‘Angel’ flashback: ‘Fearless’ (2003) (Book review)

Doranna Durgin crafts a more readable and entertaining “Angel” book her second time around with “Fearless” (October 2003). It has the same structure as “Impressions,” which I didn’t like as much, wherein we know what’s happening early on and there aren’t any twists and turns before getting to the end. But because of better character writing for the Angel Investigations team and better guest characters, “Fearless” is the superior entry.

It opens with the gang fighting a monster in the sewers, eventually revealed to be a Giflatl, which hails from another dimension. When this creature injures humans, they heal quickly from a “venom” he creature secretes into the wounds, but also have temporary amnesia and act in a manner akin to being drunk for a couple days. When it injures a vampire, the venom does the opposite, as Angel finds out during days of agonizing recovery from his wounds.

“Fearless,” set in the portion of Season 3 when Connor is a baby, is therefore a little bit like the fan-favorite episode “Spin the Bottle” (4.6) in that everyone is acting goofy, and a little bit like “I Will Remember You” (1.8) in that Angel loses his quick-healing ability. There’s no upside for Angel this time, since he doesn’t become human and he’s now racked with fear when he goes into battle. It’s kind of amusing to see the gang try to figure out what happened to them on the night of the monster attack by using scribbled notes. Then they use notecards to remind themselves of their plan for their second faceoff with the Giflatl, much later in the book.
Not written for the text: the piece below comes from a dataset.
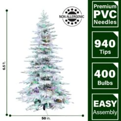 7 Ft. Pre-Lit Snow-Flocked Full Artificial Christmas Tree With Sturdy Metal Stand

The most memorable guest character is Kluubp, who needs Angel’s help in sending the Giflatl back to his dimension, because he looks like kind of like Yoda. Kluubp claims “Star Wars” based Yoda’s design on him and also stole his phrase “Do or do not. There is no try.” Durgin peppers a handful of “Star Wars” one-liners throughout the book as Angel and the others wryly react to Kluubp’s appearance. This gag is quite on the nose, and it would be cause for copyright infringement in a visual medium, but the author is having fun with it and I wasn’t bothered by it even if it’s not exactly clever.
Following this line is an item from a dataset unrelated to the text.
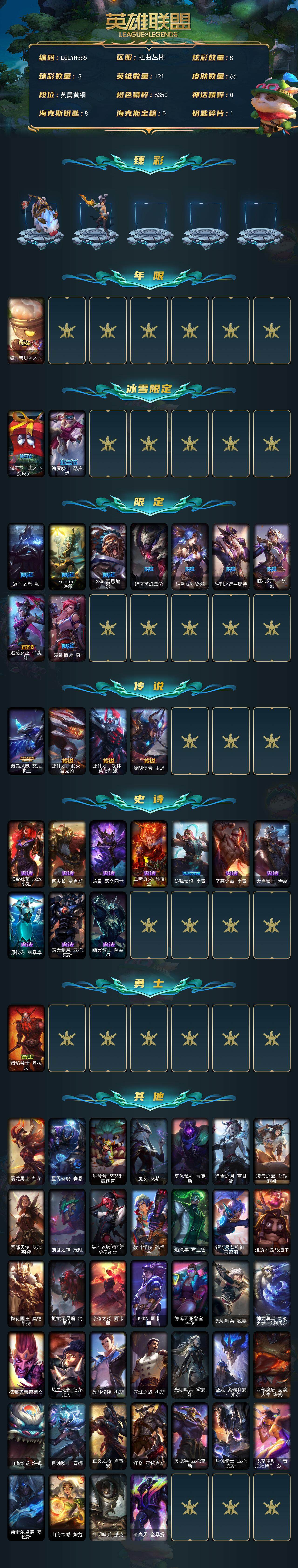 【LOLYH565】121英雄/66皮肤/12限定/3臻彩/8炫彩/4传说/10史诗/青铜/无畏骑士瑟庄妮赤子初心/雾雨之刃锐雯/幽梦玫瑰伊莉丝浪漫花蕾/点心宝贝阿木木/阿木木“主人不要我了”/魄罗骑士瑟庄妮/冠军之隐劫/Fnatic迦娜/SSW雷恩加尔/暗裔英雄盖伦/胜利女神娑娜/胜利之运崔斯特/胜利女神菲奥娜/魅惑女巫菲奥娜/意乱情迷蔚/黯晶凤凰艾尼维亚/源计划泯灭雷克顿/源计划超体莫德凯撒/黎明使者永恩/黑帮狂花厄运小姐/百夫长贾克斯/暗星嘉文四世/三昧真火孙悟空/防弹武僧李青/至高之拳李

Thematically, “Fearless” is about trust among the friends, with Angel on one side; Cordy, Gunn, Wes and Fred on the other; and Lorne – in his role as Connor’s babysitter – caught in the middle. Angel doesn’t want to bring his team into this case because he thinks they won’t want to banish the Giflatl, since it is the source of the healing substance. For their part, the gang knows Angel is acting shifty, and besides, they are indeed thinking about what a healing salve could do for them and for the world at large.

It’s not a bad central conflict, but it’s hampered by Durgin being too wordy about it, going over the same issues many times. And the plotting is, well, plodding. The gang has their first showdown with the Giflatl, everyone talks about the scenarios for a couple hundred pages, and then they face the creature again. There is a subplot on top of this about a symbiotic demon that steals people’s abilities, but that muddies up the plot more so than advancing it. The way this symbiotic demon relates to the Giflatl is summed up thusly by Wes: “I suspect its unusual activity was tied into the Giflatl.”

Weirdly, the people who lose their abilities – including a talented young singer whose voice disappears – don’t get their abilities back by the end of “Fearless,” and the case limps to a conclusion with Cordy musing: “I still wish those people had gotten their skills back.” Not every “Angel” story needs a tidy, convenient ending, but it strikes me as odd that these victims are brushed aside, unimportant to the main thrust of the novel.

Durgin delivers decent character writing. As with “Impressions,” I feel like Gunn’s mistrust of Angel is overplayed, but everyone else is on point, and I like how the author peppers in flirting between Gunn and Fred, lining up with what’s going on at this point in Season 3. Overall, though, “Fearless’ ” solid concept is diminished by a story that’s too predictable, padded and uneven.